**WHAT NEEDS TO BE DONE**
Return the lines of the listing below exactly as they appear, beginning at the one with "3、最后在锁屏和密码界面下方" and stopping after the one with "120 шт. = 20"; do not include pictures.

**MATERIAL PROVIDED**
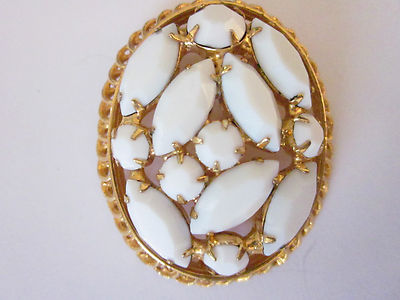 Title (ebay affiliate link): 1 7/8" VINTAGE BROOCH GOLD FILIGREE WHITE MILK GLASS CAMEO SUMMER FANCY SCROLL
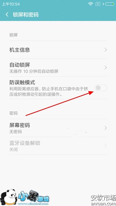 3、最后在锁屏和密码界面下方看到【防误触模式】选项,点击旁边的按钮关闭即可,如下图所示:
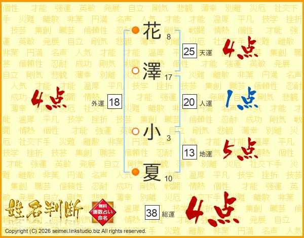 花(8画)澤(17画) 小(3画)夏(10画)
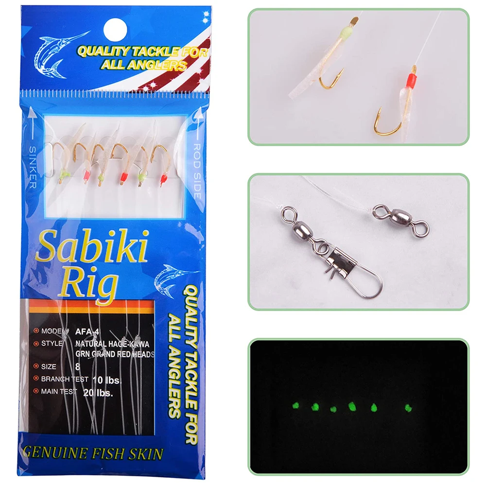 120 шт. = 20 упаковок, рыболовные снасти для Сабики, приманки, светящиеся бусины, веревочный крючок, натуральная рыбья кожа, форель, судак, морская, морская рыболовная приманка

* * *

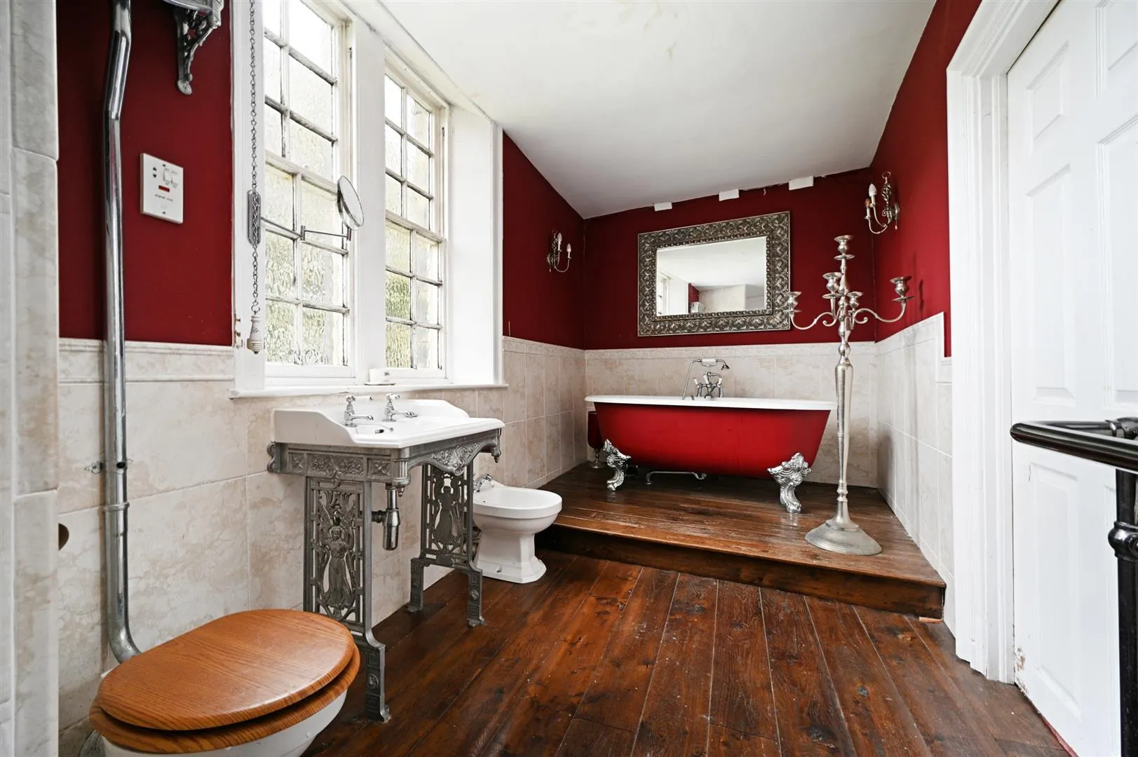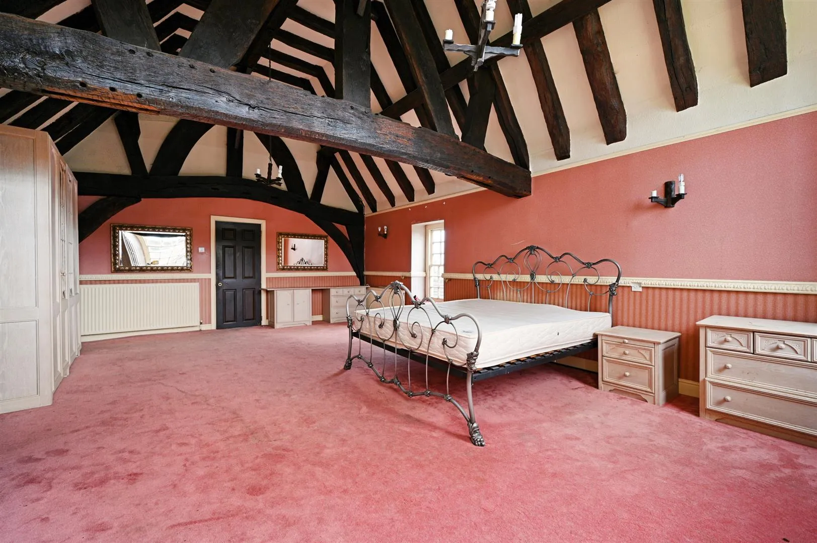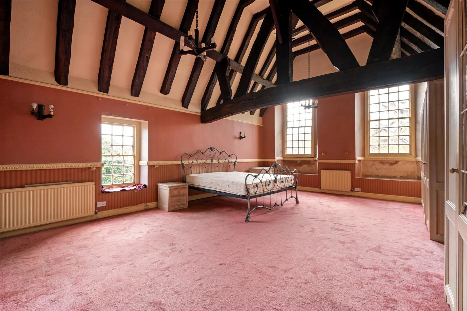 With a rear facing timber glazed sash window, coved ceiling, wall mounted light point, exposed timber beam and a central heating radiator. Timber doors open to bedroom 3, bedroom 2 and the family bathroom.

**RESULT BELOW**
 3、最后在锁屏和密码界面下方看到【防误触模式】选项,点击旁边的按钮关闭即可,如下图所示:
 花(8画)澤(17画) 小(3画)夏(10画)
 120 шт. = 20 упаковок, рыболовные снасти для Сабики, приманки, светящиеся бусины, веревочный крючок, натуральная рыбья кожа, форель, судак, морская, морская рыболовная приманка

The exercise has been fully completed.